● **THE DATA**
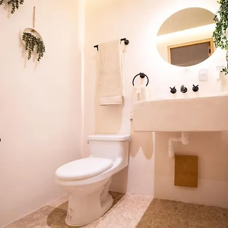 Chic And Elegant Escape In Tulum Apartment includes a balcony and a fully equipped kitchen with air conditioning for utmost comfort. Guests staying in this apartment will enjoy the convenience of a dryer, toiletries, and towels in the bathroom. A separate toilet, a shower, and a washing machine can also be found.
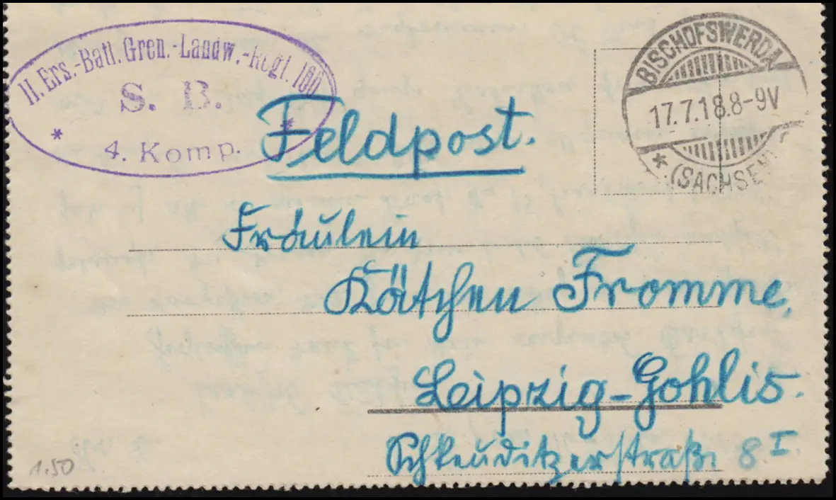 Poste II, Ers.-Batl. Gren. Landw. Regt.166, carte postale BISCHOFSWERDA 17.7.18
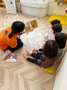 りんご組さんの寝る前の絵本の時間を紹介します。
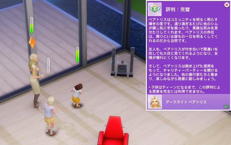 目標に三人同時にダンスするものがあったので、話が盛り上がっているオレンジくん以外の三人で踊っていたら、ベアトリスの評判が完璧になりました。
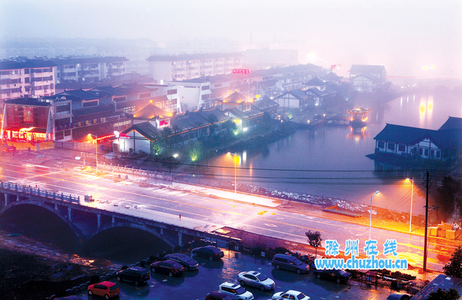 经过半年多施工,滁城古胜桥于2月1日凌晨开始通车。古胜桥位于南湖二期与四期的连接处,去年7月份开始施工。该桥设计为两跨式钢筋混凝土景观拱桥,长58米,宽24米。图为1月31日拍摄的古胜桥夜景。
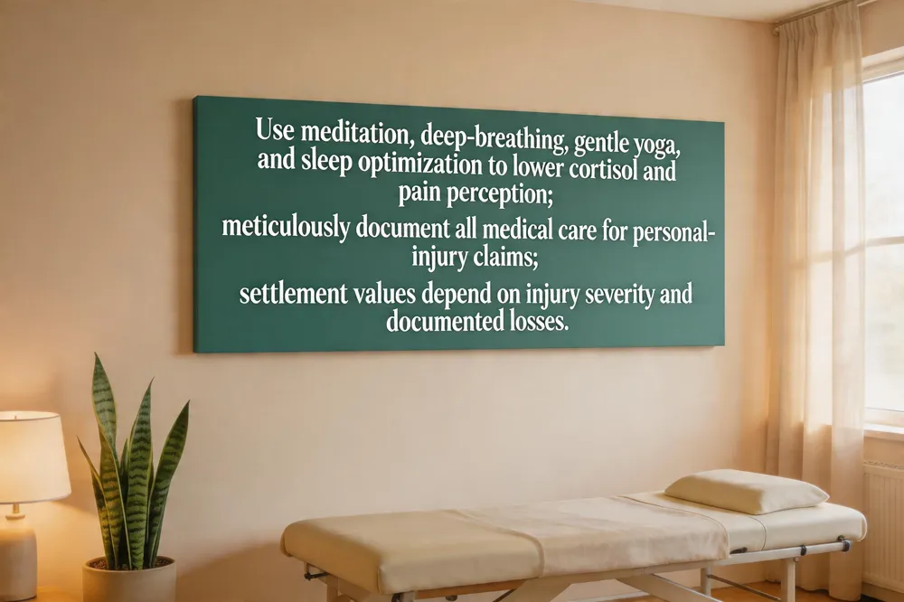 Mind‑body techniques such as meditation, deep‑breathing, and gentle yoga help calm the nervous system, lower cortisol, and reduce perceived nerve pain after a crash. Pair these practices with sleep optimization—aim for 7‑9 hours, maintain a dark, cool bedroom, and avoid screens before bedtime—to enhance tissue repair and pain tolerance.
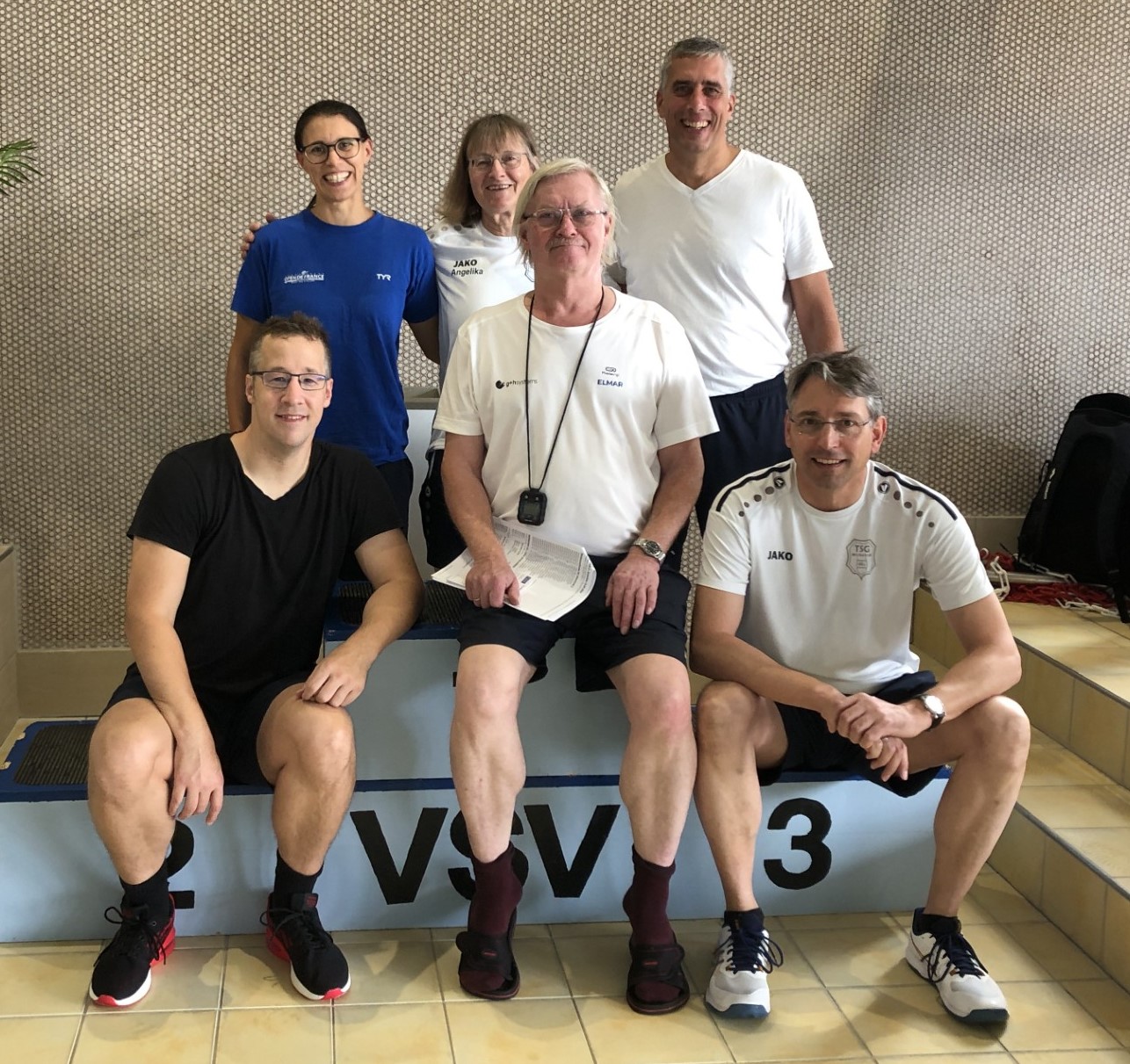 Titelbild: Die Masterschwimmer*innen der TSG 1862 Weinheim: Ingmar Zacharias, Agnès Riatti, Angelika Abeln, Elmar Abeln, Steffen Arta und Claus Maier (von links) im Viernheimer Hallenbad.
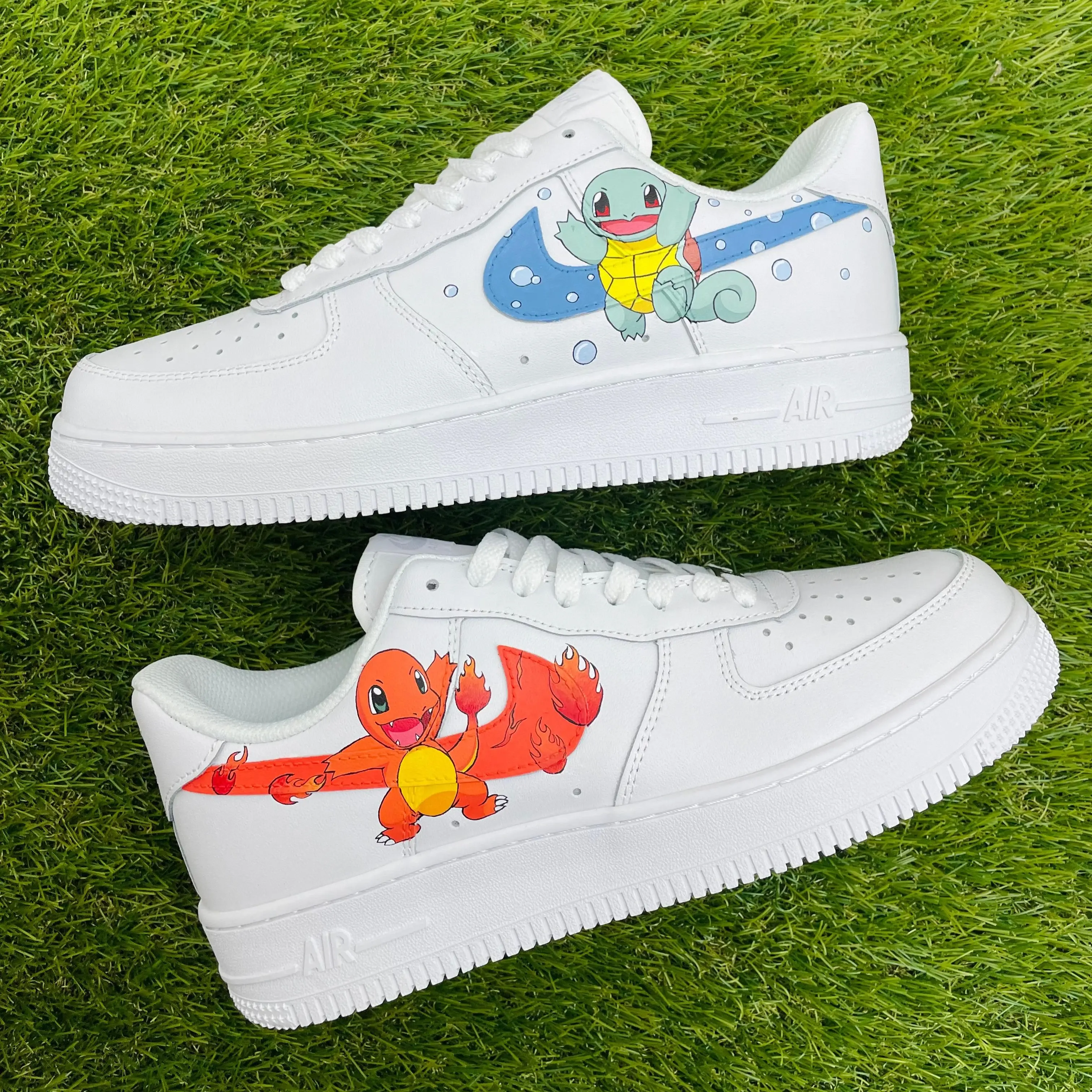 Step out in style with these incredible custom hand-painted Nike Air Force 1 sneakers. Each pair is a unique work of art, featuring the beloved Pokémon starters, Squirtle and Charmander. On one shoe, a vibrant, water-splashing Squirtle is painted on the classic Nike swoosh. The other shoe showcases a fiery Charmander, ready for battle. These sneakers are not just footwear; they are a tribute to the iconic Pokémon franchise. Made with high-quality, durable paint, the intricate details of each character are designed to last. Perfect as a standout piece for your own collection or as a special, handmade gift for a Pokémon fan. Don't miss your chance to own a truly one-of-a-kind pair of Pokémon-themed custom sneakers!
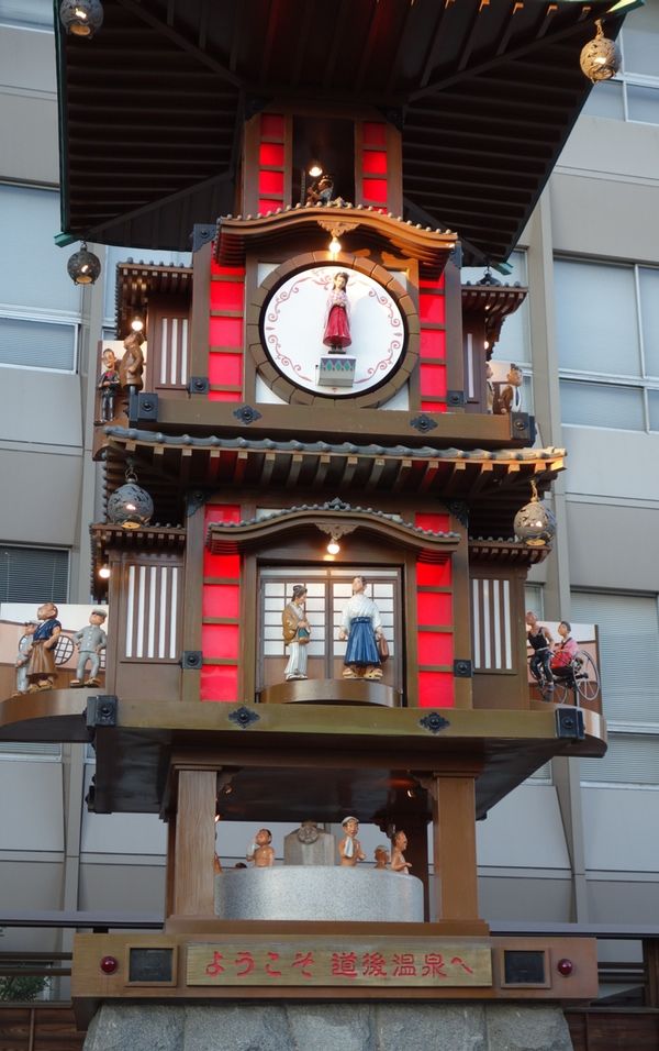 Una gran atracción para los turistas japoneses en Matsuyama son los baños públicos de Dōgo Onsen, que fueron una de las fuentes de inspiración de El Viaje de Chihiro de Miyazaki Hayao. También están entre un número de ubicaciones de Matsuyama asociadas con la clásica novela de Natsume Sōseki Botchan. Despúes de instalarme en la pensión Sen Guesthouse (cómoda y acogedora), a las seis en punto me detuve a observar el Reloj Botchan situado junto a las aguas termales, con los personajes de la novela moviéndose en varios niveles.

● **WHAT IS EXPECTED**
Starting at the line containing "Poste II, Ers.-Batl." and finishing at the line containing "经过半年多施工,滁城古胜桥于", return those lines exactly as they appear above, without the pictures.

● **SOLVED EXERCISE**
 Poste II, Ers.-Batl. Gren. Landw. Regt.166, carte postale BISCHOFSWERDA 17.7.18
 りんご組さんの寝る前の絵本の時間を紹介します。
 目標に三人同時にダンスするものがあったので、話が盛り上がっているオレンジくん以外の三人で踊っていたら、ベアトリスの評判が完璧になりました。
 经过半年多施工,滁城古胜桥于2月1日凌晨开始通车。古胜桥位于南湖二期与四期的连接处,去年7月份开始施工。该桥设计为两跨式钢筋混凝土景观拱桥,长58米,宽24米。图为1月31日拍摄的古胜桥夜景。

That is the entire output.